Teaching Our Kids How to Cope with Loss

I read a blog post a few days ago on a great dad site called Building Camelot. The name of the post is: My 5 Biggest Fears Being a Dad, and it covers the fear of loss in a very honest, real way.

The post came along at the perfect time, as loss has been on my mind lately — ever since I had my tooth pulled a few days ago.

My tooth’s clinical name was #13. And although the procedure was quick and physically painless, I have been thinking more and more about loss. Other than my hair (which I’ve been losing for years), this is the only part of my body that I have lost. And the experience has quickly transcended into a life metaphor.

What else have I lost? I’m not talking about a set of keys or a receipt from Target. I’m talking about real loss, the type that takes a piece of you along with it. The kind that leaves you with little gaps, like cavities, that never fully disappear or heal.

And yet we go on – battered, weathered and full of tiny little holes. Somehow, we find a way to function. What choice do we have? To give up?

Here’s what I’d like to know. Why weren’t we ever taught how to cope with loss? How to come to a place of acceptance, and have what we’ve learned from the loss propel us to a better place. In school, we learn about calculus and how to dissect a frog. Have you found that helpful? Unless you are a mathemetician, or a freak who likes to look at frog guts, it hasn’t.

Mom and dad? Yeah, they were a big help. The only serious talk I got was ”boys have a penis, and girls don’t. Did you know that?” As a matter of fact, I didn’t. But nothing came after that sentence except my uncomfortable thoughts about what girls did have down there if there was no penis.

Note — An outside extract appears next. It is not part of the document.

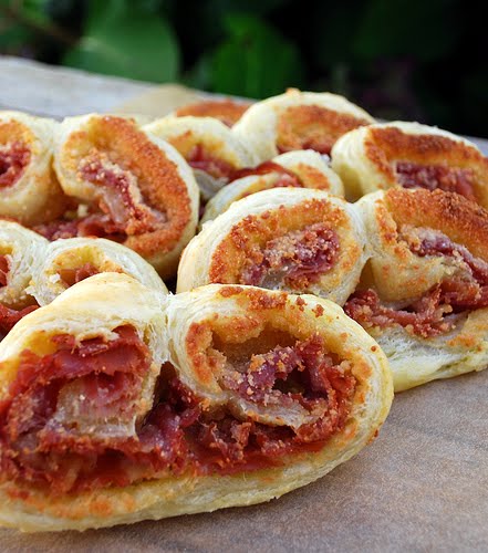 Unfold the puff pastry and spread it with the mustard. Leave a ½ border when you are spreading the mustard. Lay the proscuitto and cheese over the mustard. Roll up one side to the middle of the dough: roll up the other side to the middle so the two rolls meet in the center. Using a serrated knife cut into ½" inch slices.

Like it or not, loss is a part of life. We have the power to give our chilren the tools they need to cope with loss in a positive way. We can help them learn to heal (as best as possible), and come to a place of acceptance so they can move on from loss instead of dwelling in it.

We can also let them know that it’s OK if they need help to cope or heal. Just being approachable, and telling them “mom and dad are here,” is a huge deal. Then, of course, there’s the power of spirit (but that’s a topic for another blog post).

Can we protect our kids from loss? I don’t think so. And why should we? If we want them to be healthy, successful adults, it’s our repsonsibility to help them be fully functioning people.

My parents were incapeable of this. Were yours? I think they did their best, which is all I can ask. But we can do better.

And remember, you are not alone…

Keeping Life in Perspective

There’s no question, being a parent is hard. Being a good parent? Even harder.

In an effort to do our best, it’s easy to get caught up in the thick of daily to-do’s, responsibilities and problems (which can linger for weeks, months or even years). This struggle can be overwhelming and even debilitating. Fatigue, frustration and dissatisfaction creep in and suddenly things appear insurmountable — a huge mountain that we’re standing at the bottom of. And our climbing boots don’t fit.

The size of the “mountain,” and our ability to climb it, is directly related to our perception of the mountain. In other words, it’s as big as we think it is. You’ve probably heard the statement, “your perception becomes your reality.” It’s true.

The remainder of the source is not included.